Tom Cruise Does Not Deserve ‘Vanilla Sky’s’ Atmospheric Soundtrack
- Ruby Moley
- Sep 11, 2025
- 2 min read
The iconic keyboard intro of "Everything in its Right Place" by Radiohead playing within the first 30 seconds of Vanilla Sky was not at all in my mind for the opening scene of Vanilla Sky, and the soundtrack only got better by the second.
Yesterday, I set sails to bootleg bay to watch the 2001 film "Vanilla Sky" featuring Mr. Scientology himself. The film was launched on my For You Page some weeks ago, with clips synced perfectly to "Drugs You Should Try" by Travis Scott. It was dystopian and eerie, featuring Cruise in a perfectly smooth, emotionless mask posed to be this stalker antagonist. I've only ever known Cruise as the "Dad Film Actor," playing in high-risk, action films like "Jack Reacher" and "Edge of Tomorrow" catered to the male audience over 40, so I knew this psychological thriller was worth a watch.

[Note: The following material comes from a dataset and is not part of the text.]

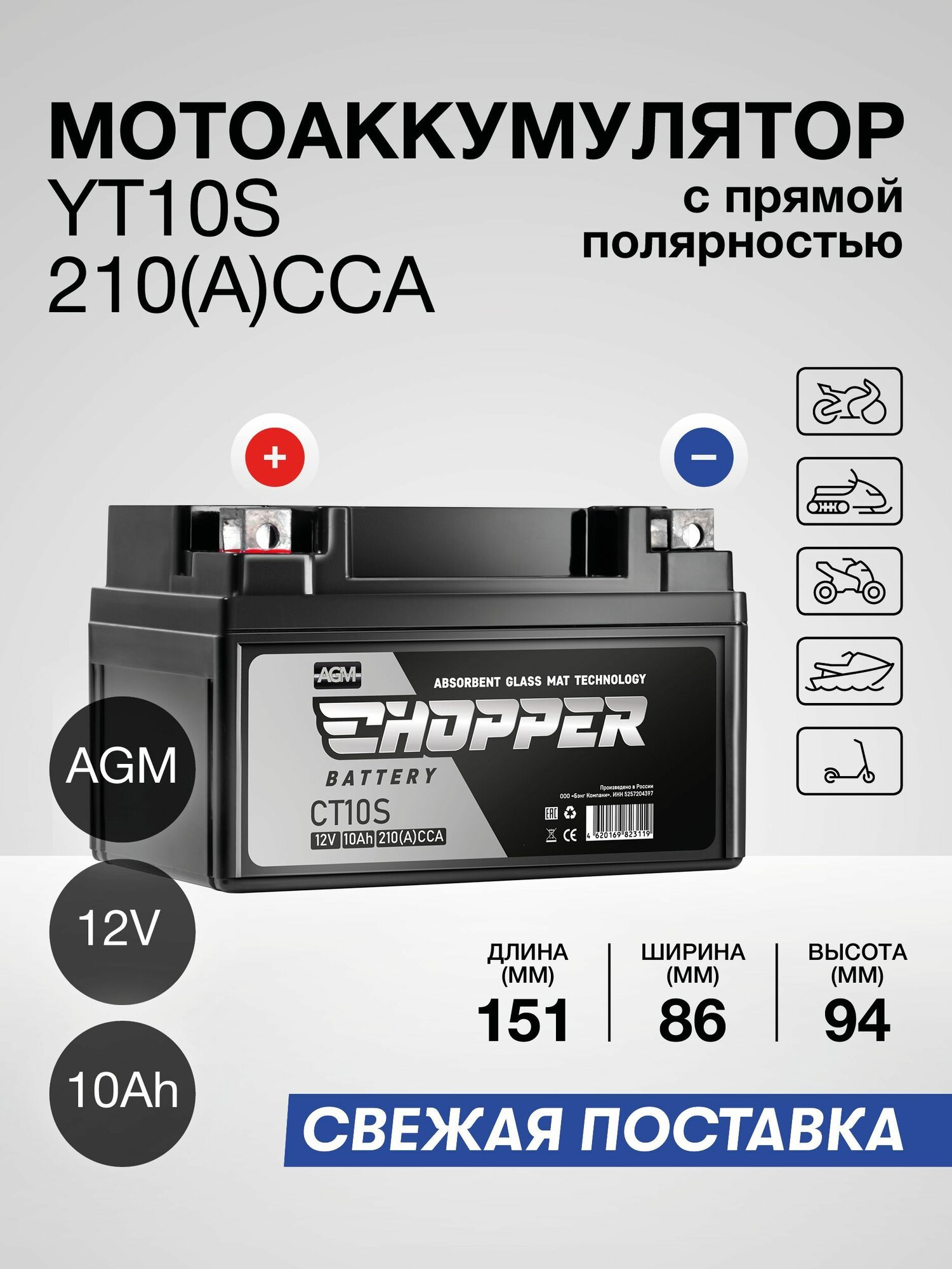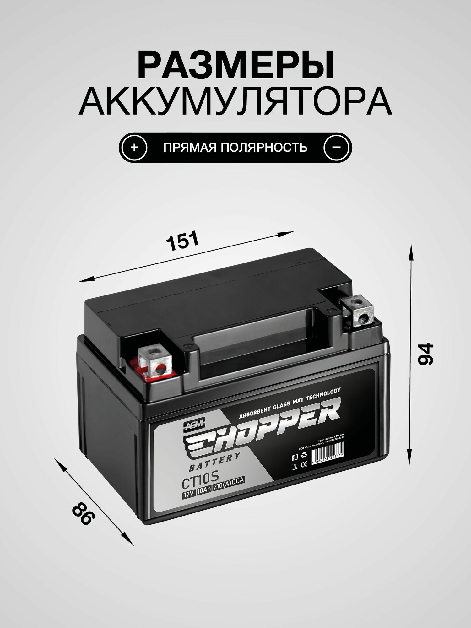 Мото Аккумулятор CHOPPER AGM 12В 10 Ач (CT1210.1, YTZ10S)для мопеда, скутера, мотоцикла, ИБП, UPS,12V10Ah: сравнение цен, характеристики, фото, актуальное наличие и цены.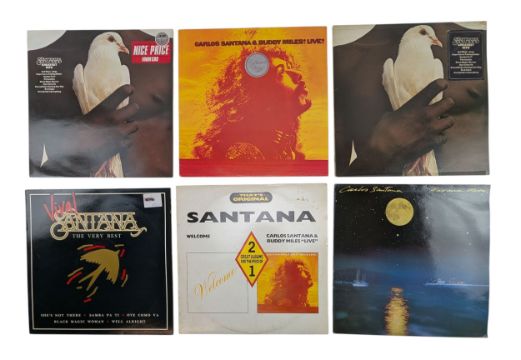 The lot includes Moonflower (CBS88272), Borboletta (CBS69084), Abraxas (32032), Santana Louis triple LP album with inserts (CBS66325), Love Devotion Surrender (CBS69037), Freedom promo copy (CBS450391-1), x2 Greatest Hits (CBS 32386), Santana & Buddy Miles Live (CBS32271), double album Welcome & Miles Live (TFOLP 14), Havanna Moon (CBS25350) & The Very Best (NE1338).

I haven't even heard Sigur Ros' lyric-free atmospheric ambiences outside of a lowkey playlist I stumbled across on Spotify in a search for Beach House deep tracks. And to have "Svefn-g-englar" playing mid-crisis, my ears almost shed a tear.
By the time we got to "All the Right Friends" by R.E.M. as Cruise's character walked off in a melancholy strut, I, too, threw in the towel of defeat. This high-end trash of Vanilla Sky felt like it was graced with a soundtrack for the ages in an attempt to connect with the 2000s alternative crowd, only to fall shy with a confusing storyline.
And by confusing, I'm not implying the concept of a narrator recounting the past in an attempt to figure out his history is a flawed arc. Movies like "Inception" and "Eternal Sunshine of a Spotless Mind" (which I'd argue the latter served as inspiration) pull off this complex style well, jumping around in time, often out of order, or with characters still to-be-identified.
I hear through the vine that David Lynch's "Mulholland Drive" is just as psychological, but more gay (count me in). It will undoubtedly be my next watch in the genre of depressed protagonists with memory loss, if it meets the build.